Word for word, restate all the records; images are not part of the copy.

_ _ _

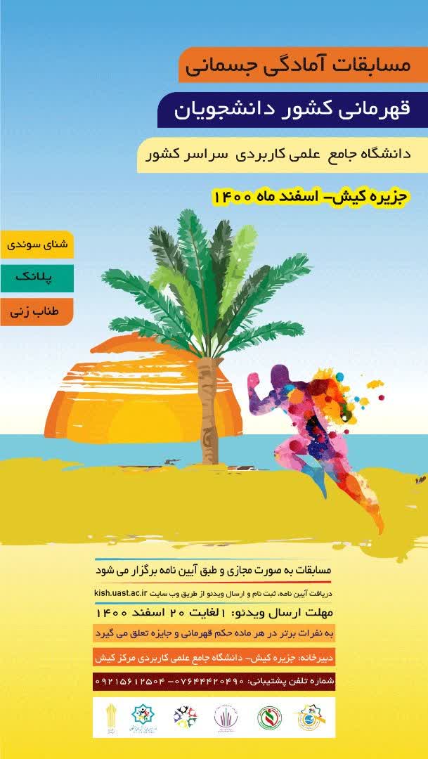 هشتمین دوره مسابقات آمادگی جسمانی دانشجویان دختر و پسر دانشگاه جامع علمی کاربردی به میزبانی مرکز آموزش علمی کاربردی کیش به صورت مجازی برگزار می شود.
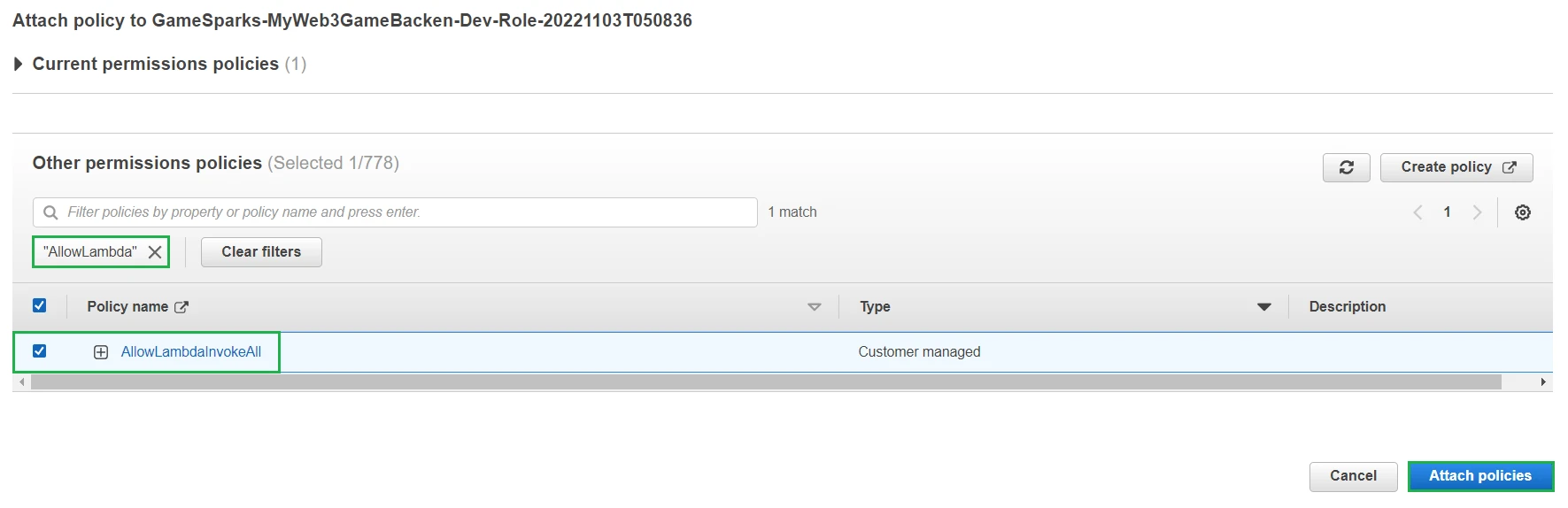 Filter for AllowLambda, select your created policy and press Attach policies:
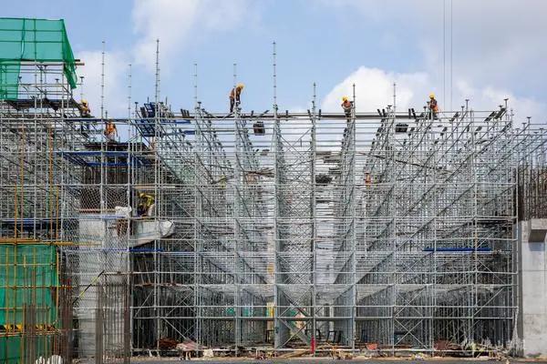 5月5日,佛山地铁2号线林岳车辆段,施工现场热火朝天,工人正在搭脚手架。佛山日报记者符诗贺 摄
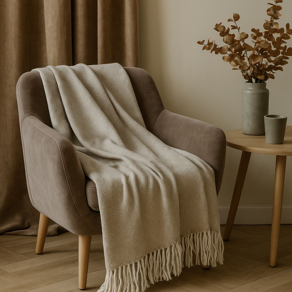 Пледы Vladi изготовлены из хлопка с добавлением полиэстера. Благодаря натуральному хлопку в составе плед теплый, мягкий и приятный на ощупь. Изделие сохранило все положительные свойства натурального хлопка высшего класса, и при этом избавилось от недостатков, плед не скатается и не вышаркается со временем. Плотный материал абсолютно гипоаллергенен, обладает хорошим воздухообменом. Натуральность хлопка успешно сочетается с высокой прочностью, износостойкостью и несминаемостью полиэстера, и предохраняет изделие от усадки. Трендовые оттенки сделают плед ярким акцентом в современном интерьере спальни или гостиной. Он согреет вас прохладными вечерами на террасе или балконе, а также идеально подойдет в качестве покрывала. Размеры пледа указаны с учётом кистей, расположенных по ширине изделия.
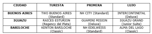 – Traslados Aeropuerto BUE / Hotel / Aeropuerto BUE en servicios regular.
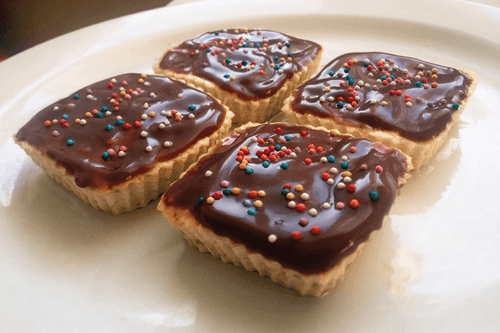 Разложить по формочкам, поставить выпекаться в в духовку на 30 минут при 180 градусах (в конце я полила их шоколадным пудингом и поставила в холодильник на 5 минут, чтобы охладились).
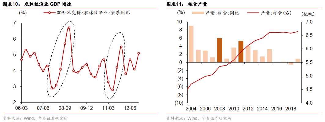 简言之,冷冬易对当期(主要是一季度)农业生产造成负面冲击,但有利于开春后的农作物与蔬菜瓜果等生长发育,2008年与2011年粮食产量增幅为近二十年的两大高点。结构上,对林/牧/渔业影响偏负面,而对农业利弊并存,粮食作物所受冲击弱于经济作物。
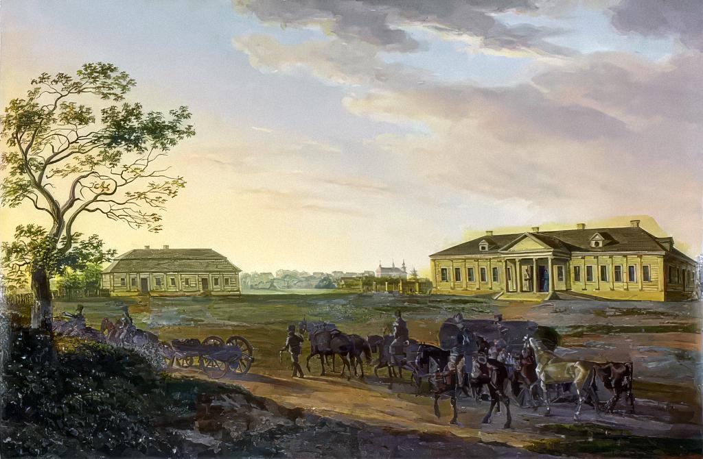 Бочейково. Войска Наполеона перед дворцом Цехановицких. 1812.

_ _ _

> Result of the exercise:
 هشتمین دوره مسابقات آمادگی جسمانی دانشجویان دختر و پسر دانشگاه جامع علمی کاربردی به میزبانی مرکز آموزش علمی کاربردی کیش به صورت مجازی برگزار می شود.
 Filter for AllowLambda, select your created policy and press Attach policies:
 5月5日,佛山地铁2号线林岳车辆段,施工现场热火朝天,工人正在搭脚手架。佛山日报记者符诗贺 摄
 Пледы Vladi изготовлены из хлопка с добавлением полиэстера. Благодаря натуральному хлопку в составе плед теплый, мягкий и приятный на ощупь. Изделие сохранило все положительные свойства натурального хлопка высшего класса, и при этом избавилось от недостатков, плед не скатается и не вышаркается со временем. Плотный материал абсолютно гипоаллергенен, обладает хорошим воздухообменом. Натуральность хлопка успешно сочетается с высокой прочностью, износостойкостью и несминаемостью полиэстера, и предохраняет изделие от усадки. Трендовые оттенки сделают плед ярким акцентом в современном интерьере спальни или гостиной. Он согреет вас прохладными вечерами на террасе или балконе, а также идеально подойдет в качестве покрывала. Размеры пледа указаны с учётом кистей, расположенных по ширине изделия.
 – Traslados Aeropuerto BUE / Hotel / Aeropuerto BUE en servicios regular.
 Разложить по формочкам, поставить выпекаться в в духовку на 30 минут при 180 градусах (в конце я полила их шоколадным пудингом и поставила в холодильник на 5 минут, чтобы охладились).
 简言之,冷冬易对当期(主要是一季度)农业生产造成负面冲击,但有利于开春后的农作物与蔬菜瓜果等生长发育,2008年与2011年粮食产量增幅为近二十年的两大高点。结构上,对林/牧/渔业影响偏负面,而对农业利弊并存,粮食作物所受冲击弱于经济作物。
 Бочейково. Войска Наполеона перед дворцом Цехановицких. 1812.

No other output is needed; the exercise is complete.